All entries are to be reproduced exactly; the pictures are to be omitted.
== Records for this task ==
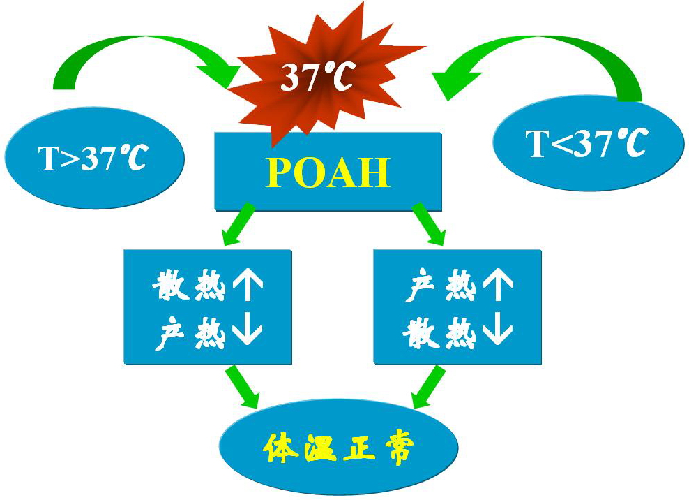 体温调定点学说认为, 体温的调节类似于恒温器的调节, 在PO/AH设定了一个调定点, 即规定的温度值, 如37℃。P0/AH体温整合中枢就是按照这个温度来调节体温的。
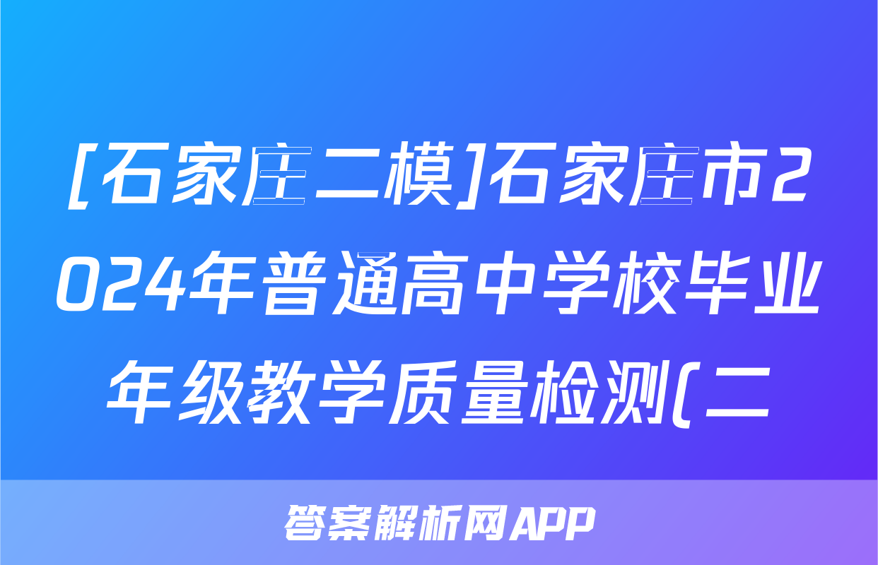 [石家庄二模]石家庄市2024年普通高中学校毕业年级教学质量检测(二)理数答案正在持续更新,目前2024届全国大联考答案网为大家整理了相关试题及答案,供大家查缺补漏,高效提升成绩。
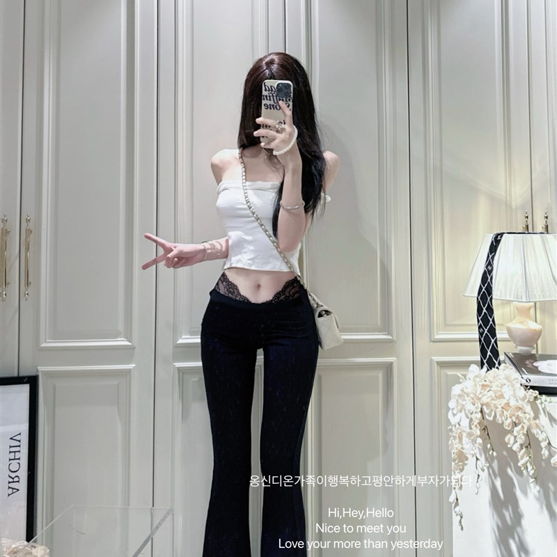 上衣蕾丝拼接高腰显瘦微喇喇叭长裤 褶皱一字修身 芭蕾练习室
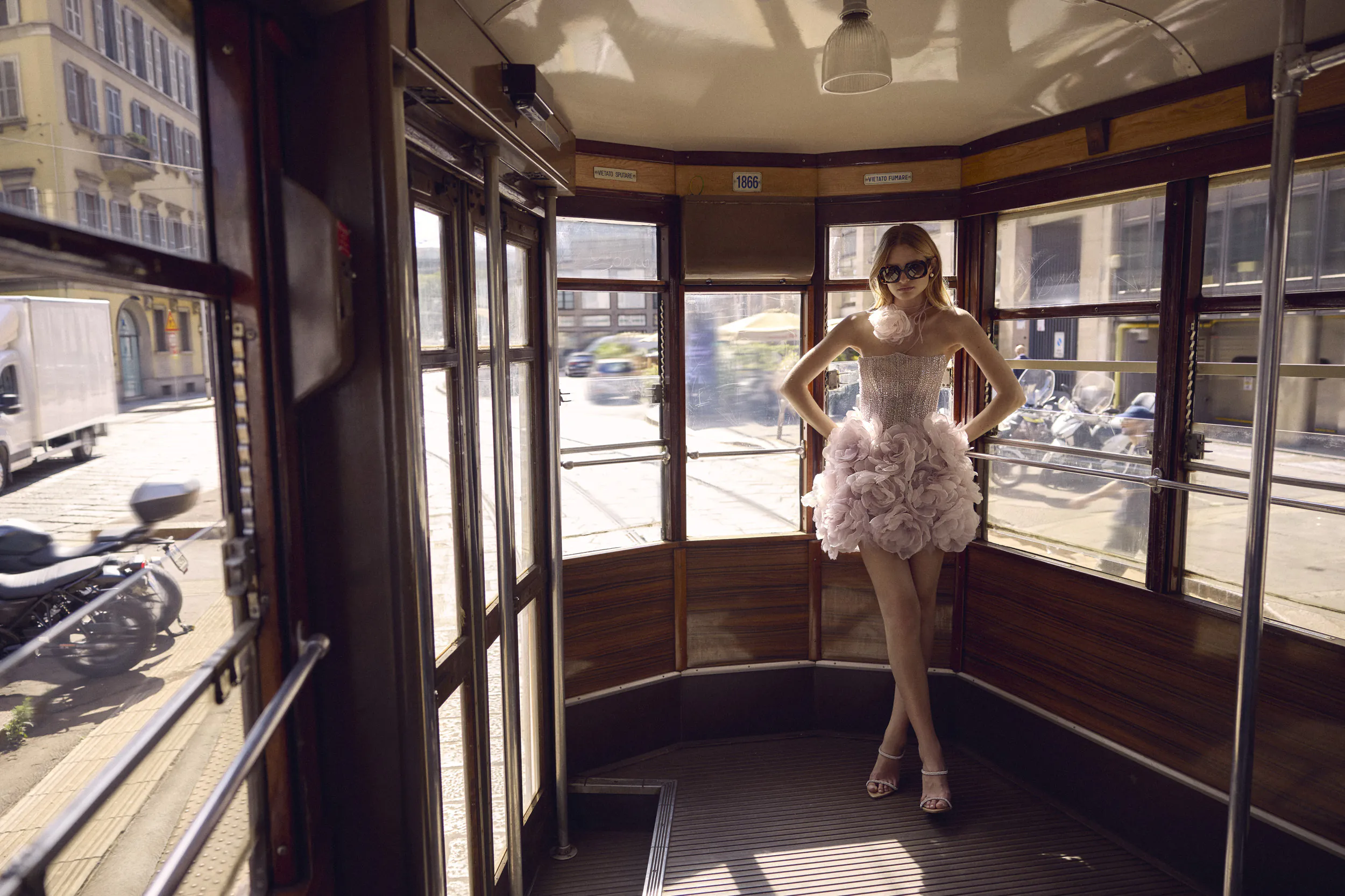 This mini dress features a corset-style bodice made from intricately beaded lace. The skirt is adorned with 3D floral details crafted from soft, dusty pink organza, adding depth and texture for a romantic, ethereal effect.
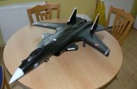 Materiál EPS,jenoduchá stavba. Po prvním pokusu o let jsem vyměnil setové motory Turnigy za nové od Pelikána.Model je pěkný,ovládaný pouze dvěma servy (delta mix) + servo na přední kolečko.Další pokusy mě teprve čekají.
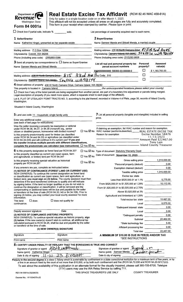 | 1 | 11/10/2023 | WD | Warranty Deed | HINGST, KATHERINE | MENDA, SAMEER | | | $1,315,000.00 | 58476 | 4566613 |
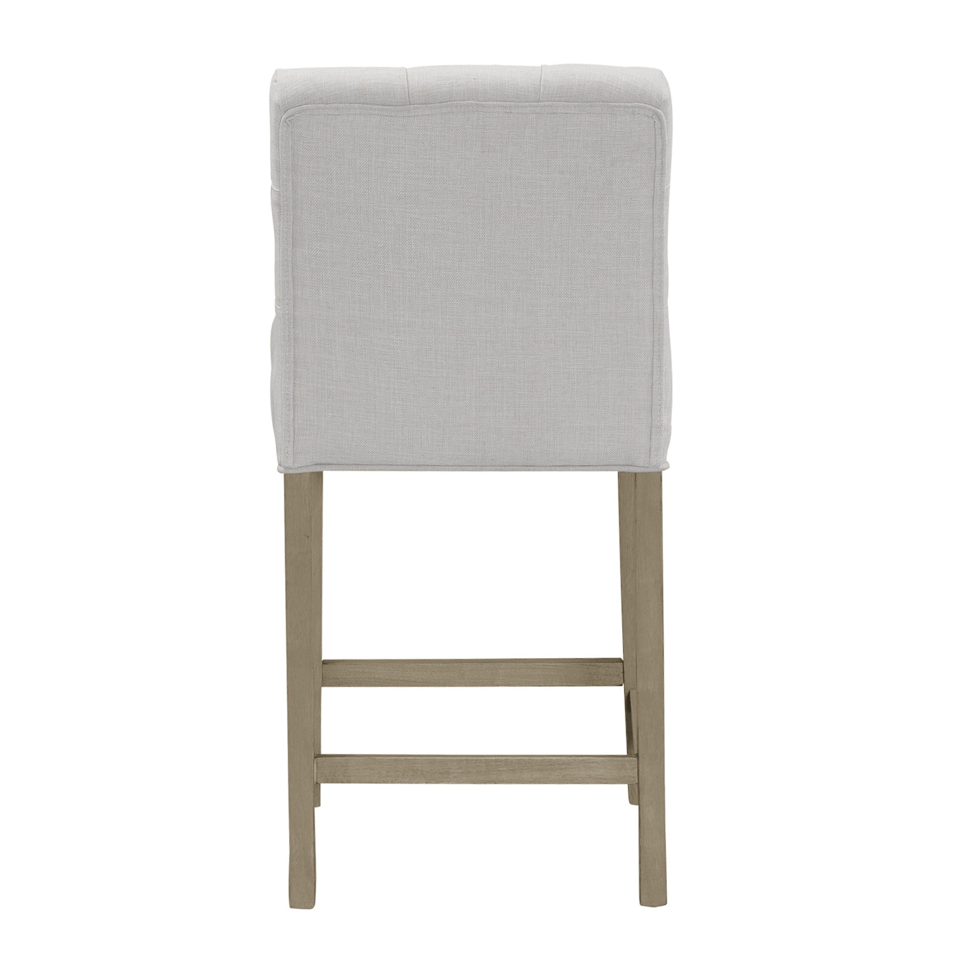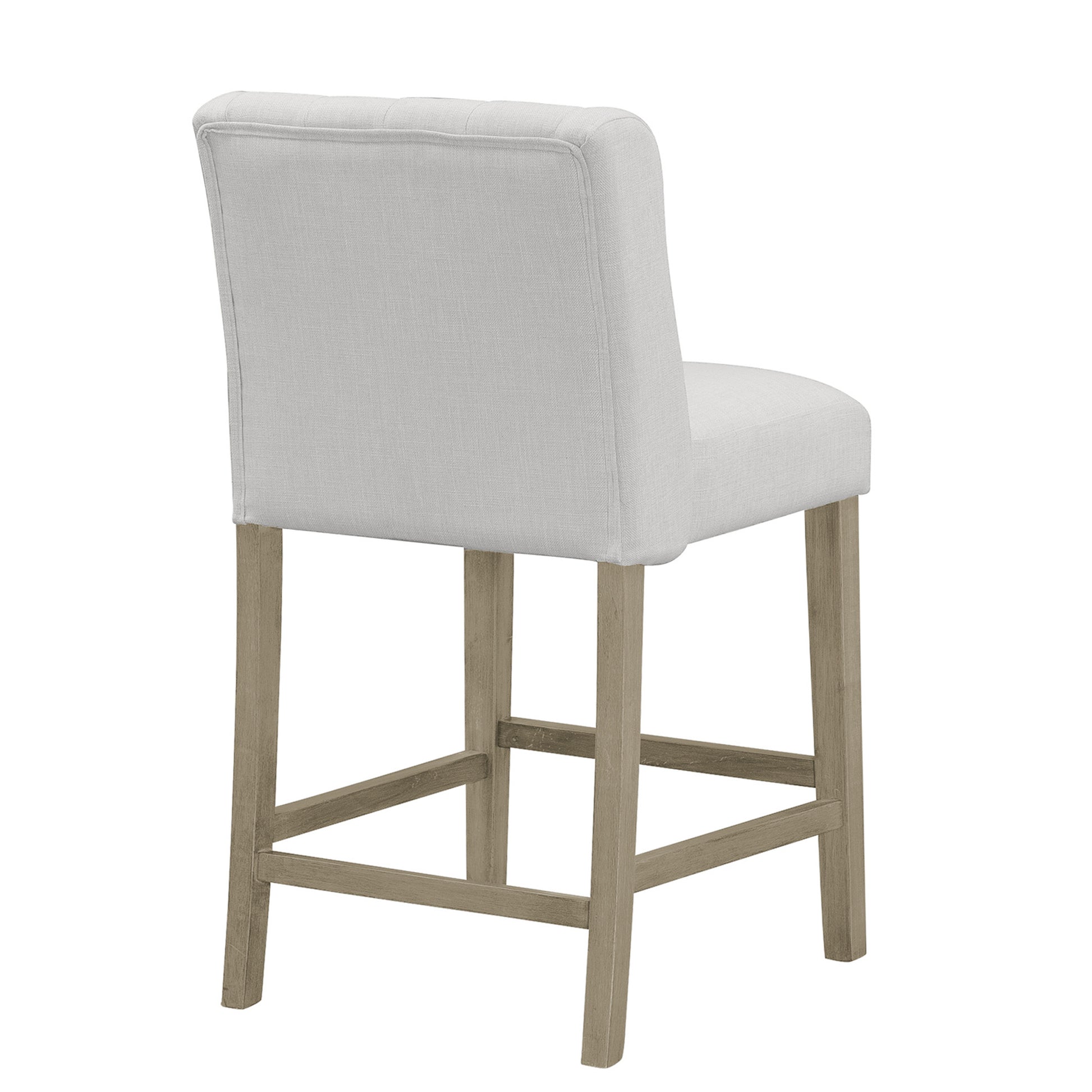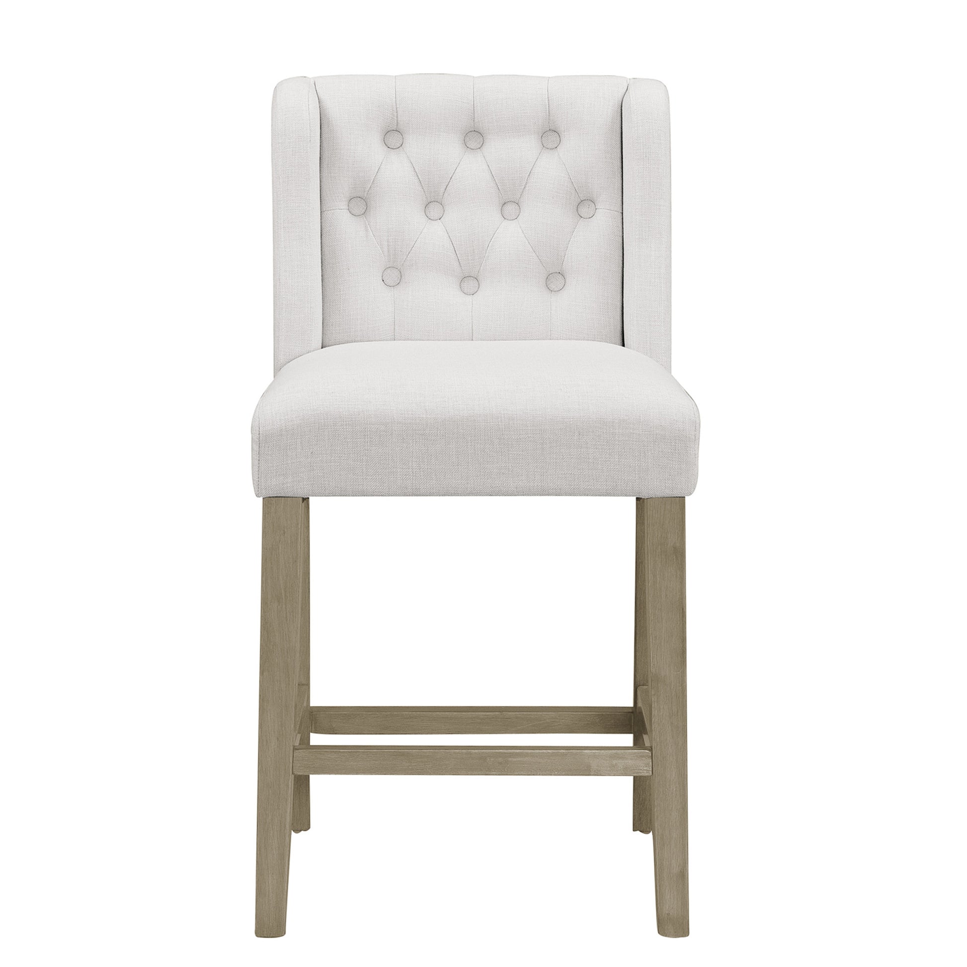 This counter stool with small side wings and tufted buttons can surely become a stylish addition to your room. Beige fabric upholstery, high-density foam cushion, proper footrest, as well as the wood legs guarantee comfortable seating. Chic side wings and tufted buttons complete this stool with style. This stool is at counter height. The same design is also available at bar height (sold separately). Minor assembly needed. Spot clean recommended.
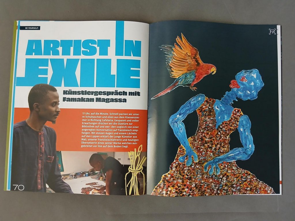 Das Magazin-Projekt des 3. Jahrgangs für Grafik und Kommunikationsdesign begann auf der Inhaltsebene in Kooperation mit der Kulturvermittlung Steiermark bereits im Herbst 2024, als die Schüler/innen sich in ersten Künstler/innen-Gesprächen, Workshops und beim Besuch von Veranstaltungen (z.B. Gedenken an den Genozid in Ruanda) mit verschiedenen gesellschaftspolitischen und künstlerischen Positionen auseinandersetzten. Künstler/innen-Gespräche vor dem Hintergrund des Jugoslawienkrieges, Begegnungen mit einem malischen Künstler oder Diskussionen über den Kunstbetrieb mit einer slowakischen Literatin waren für die Jugendlichen inspirierend und fanden Eingang in ihre individuell gestalteten Magazinprojekte. In dieser ersten Phase reflektierten die Jugendlichen schriftlich über das Erlebte bzw. Gehörte und produzierten Texte zu den Veranstaltungen bzw. Plakate für die "Events".
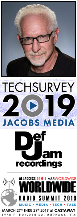 JACOBS MEDIA's TECHSURVEY 2019 will have its debut at the upcoming WORLDWIDE RADIO SUMMIT 2019 at 11a THURSDAY, MARCH 28. It consists of more than 50,000 respondents, representing well more than 500 radio stations across NORTH AMERICA.
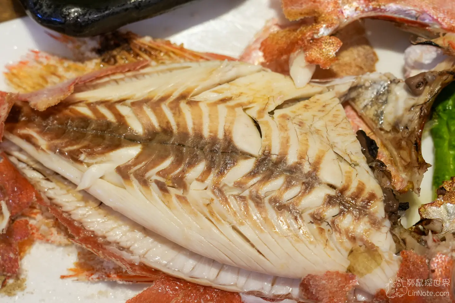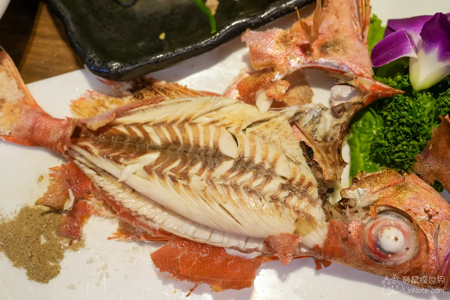 烤食令現撈魚都是觀看當天的漁獲的,所以每次都可能吃到不一樣的烤魚,這隻是紅喉,是台灣東部特有的魚種,肉質非常細緻,口感紮實,吃起來帶有油脂香,非常新鮮,另外店家還貼心提醒魚眼可以吃,裡面富含膠原蛋白,吃起來很Q彈。
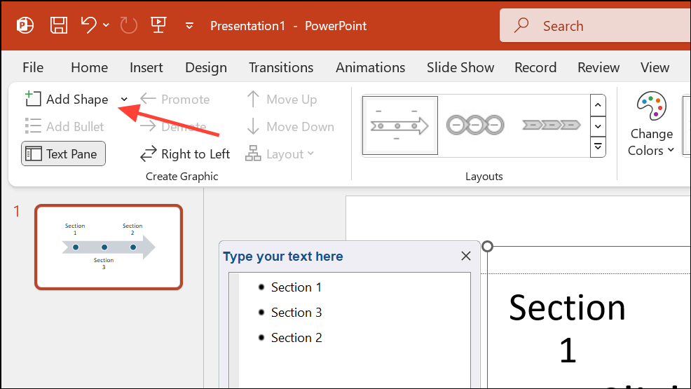 Paso 5:Para agregar más hitos, seleccione una forma en la línea de tiempo, luego use elAdd Shapeopción en la pestaña Diseño SmartArt. ElegirAdd Shape AfteroAdd Shape Beforepara controlar la colocación de nuevos elementos.
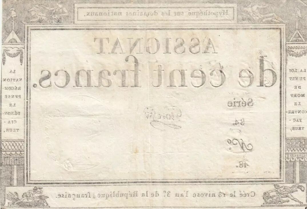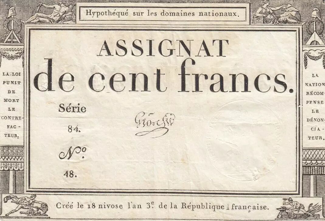 Billet France 100 Francs - 18 Nivose An III - (07.01.1795) - Sign. Gros - Série 84
===
Answer area:
 体温调定点学说认为, 体温的调节类似于恒温器的调节, 在PO/AH设定了一个调定点, 即规定的温度值, 如37℃。P0/AH体温整合中枢就是按照这个温度来调节体温的。
 [石家庄二模]石家庄市2024年普通高中学校毕业年级教学质量检测(二)理数答案正在持续更新,目前2024届全国大联考答案网为大家整理了相关试题及答案,供大家查缺补漏,高效提升成绩。
 上衣蕾丝拼接高腰显瘦微喇喇叭长裤 褶皱一字修身 芭蕾练习室
 This mini dress features a corset-style bodice made from intricately beaded lace. The skirt is adorned with 3D floral details crafted from soft, dusty pink organza, adding depth and texture for a romantic, ethereal effect.
 Materiál EPS,jenoduchá stavba. Po prvním pokusu o let jsem vyměnil setové motory Turnigy za nové od Pelikána.Model je pěkný,ovládaný pouze dvěma servy (delta mix) + servo na přední kolečko.Další pokusy mě teprve čekají.
 | 1 | 11/10/2023 | WD | Warranty Deed | HINGST, KATHERINE | MENDA, SAMEER | | | $1,315,000.00 | 58476 | 4566613 |
 This counter stool with small side wings and tufted buttons can surely become a stylish addition to your room. Beige fabric upholstery, high-density foam cushion, proper footrest, as well as the wood legs guarantee comfortable seating. Chic side wings and tufted buttons complete this stool with style. This stool is at counter height. The same design is also available at bar height (sold separately). Minor assembly needed. Spot clean recommended.
 Das Magazin-Projekt des 3. Jahrgangs für Grafik und Kommunikationsdesign begann auf der Inhaltsebene in Kooperation mit der Kulturvermittlung Steiermark bereits im Herbst 2024, als die Schüler/innen sich in ersten Künstler/innen-Gesprächen, Workshops und beim Besuch von Veranstaltungen (z.B. Gedenken an den Genozid in Ruanda) mit verschiedenen gesellschaftspolitischen und künstlerischen Positionen auseinandersetzten. Künstler/innen-Gespräche vor dem Hintergrund des Jugoslawienkrieges, Begegnungen mit einem malischen Künstler oder Diskussionen über den Kunstbetrieb mit einer slowakischen Literatin waren für die Jugendlichen inspirierend und fanden Eingang in ihre individuell gestalteten Magazinprojekte. In dieser ersten Phase reflektierten die Jugendlichen schriftlich über das Erlebte bzw. Gehörte und produzierten Texte zu den Veranstaltungen bzw. Plakate für die "Events".
 JACOBS MEDIA's TECHSURVEY 2019 will have its debut at the upcoming WORLDWIDE RADIO SUMMIT 2019 at 11a THURSDAY, MARCH 28. It consists of more than 50,000 respondents, representing well more than 500 radio stations across NORTH AMERICA.
 烤食令現撈魚都是觀看當天的漁獲的,所以每次都可能吃到不一樣的烤魚,這隻是紅喉,是台灣東部特有的魚種,肉質非常細緻,口感紮實,吃起來帶有油脂香,非常新鮮,另外店家還貼心提醒魚眼可以吃,裡面富含膠原蛋白,吃起來很Q彈。
 Paso 5:Para agregar más hitos, seleccione una forma en la línea de tiempo, luego use elAdd Shapeopción en la pestaña Diseño SmartArt. ElegirAdd Shape AfteroAdd Shape Beforepara controlar la colocación de nuevos elementos.
 Billet France 100 Francs - 18 Nivose An III - (07.01.1795) - Sign. Gros - Série 84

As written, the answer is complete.